Session: 2026-02-18 -- Replace GitHub Actions with Gitea Pull Mirror
Technical Discoveries
-
Gitea native pull mirror is the right approach
- Gitea can poll GitHub and pull new commits automatically (configurable interval, minimum 10m)
- No GitHub Actions, no tokens in GitHub, no billing dependency
- Set up via
POST /api/v1/repos/migratewith"mirror": true - The Gitea repo becomes read-only; all pushes go to GitHub only
-
Existing repos cannot be converted to pull mirrors
- There is no API to add
mirror: trueto an existing repo - Must delete the repo and recreate via
POST /repos/migrate - This is documented in Gitea's official docs
- There is no API to add
-
The
servicefield in migrate API matters for private reposservice: "git"triesgit clonewhich fails with "terminal prompts disabled" for private reposservice: "github"uses the GitHub API and handles auth correctly- Always use
service: "github"withauth_tokenfor private GitHub repos
-
Failed migrations leave broken empty repos
- If the async clone fails (bad token, network), Gitea creates the repo entry anyway (
mirror: true, empty: true) - The
POST /mirror-syncendpoint returns "Repository is not a mirror" on these broken repos - Must delete and recreate; cannot repair in place
- The migrate API returns empty JSON
{}(null fields) even on success -- check repo status separately
- If the async clone fails (bad token, network), Gitea creates the repo entry anyway (
-
The
github.personal.tokenin 1Password is expiredop://TerraphimPlatform/github.personal.token/tokenreturns a token rejected by GitHub (HTTP 401)gh auth tokenprovides a working OAuth token as alternative- Action item: update the 1Password item with a fresh GitHub PAT
-
Race condition between delete and create on Gitea
DELETE /repos/{owner}/{repo}returns 204 immediately- But the repo name may not be freed yet --
POST /repos/migratereturns 409 - Fix: Always
sleep 10between delete and create, then verify 404 before proceeding
Pitfalls to Avoid
-
Do not use GitHub Actions for Gitea sync -- it adds unnecessary dependency on GitHub billing, requires storing secrets in GitHub, and consumes Actions minutes. Use Gitea's native pull mirror instead.
-
Do not use
service: "git"for private GitHub repos -- it cannot authenticate. Useservice: "github"withauth_token. -
Do not trust the migrate API response body -- it returns null/empty JSON even on success. Always check repo status via
GET /repos/{owner}/{repo}after waiting for the async clone. -
Do not assume deleted repos are immediately gone -- always wait and verify with a GET returning 404 before recreating.
Best Practices Discovered
-
Simplest mirroring wins -- Gitea pull mirror is one API call to set up, zero maintenance, and replaces two GitHub Actions workflows plus a monitoring check.
-
Use
gh auth tokenas GitHub token source -- more reliable than maintaining a separate PAT in 1Password. TheghCLI handles token refresh automatically.

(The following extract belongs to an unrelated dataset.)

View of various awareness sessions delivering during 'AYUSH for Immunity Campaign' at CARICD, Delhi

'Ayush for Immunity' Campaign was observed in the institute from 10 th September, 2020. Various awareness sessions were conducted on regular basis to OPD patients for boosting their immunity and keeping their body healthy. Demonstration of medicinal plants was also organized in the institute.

Session: 2026-02-18 -- 1Password Service Account Limitations
Technical Discoveries
- 1Password service accounts are read-only by default
op_zesticai_non_prod.shsources a SERVICE_ACCOUNT (type visible viaop whoami)- Service accounts can
op readbutop item editfails with "Couldn't update the item" - No specific error about permissions -- just a generic failure message
- Write access must be granted explicitly in 1Password admin settings per vault
Pitfalls to Avoid
- Do not assume
op item editworks with service accounts -- test write access before building automation that depends on it. The error message gives no indication that it's a permissions issue.
Best Practices Discovered
- Track infrastructure tasks in a central repo -- Created issue in
AlexMikhalev/cto-executive-systemto track the token update. This prevents losing track of manual steps that couldn't be automated.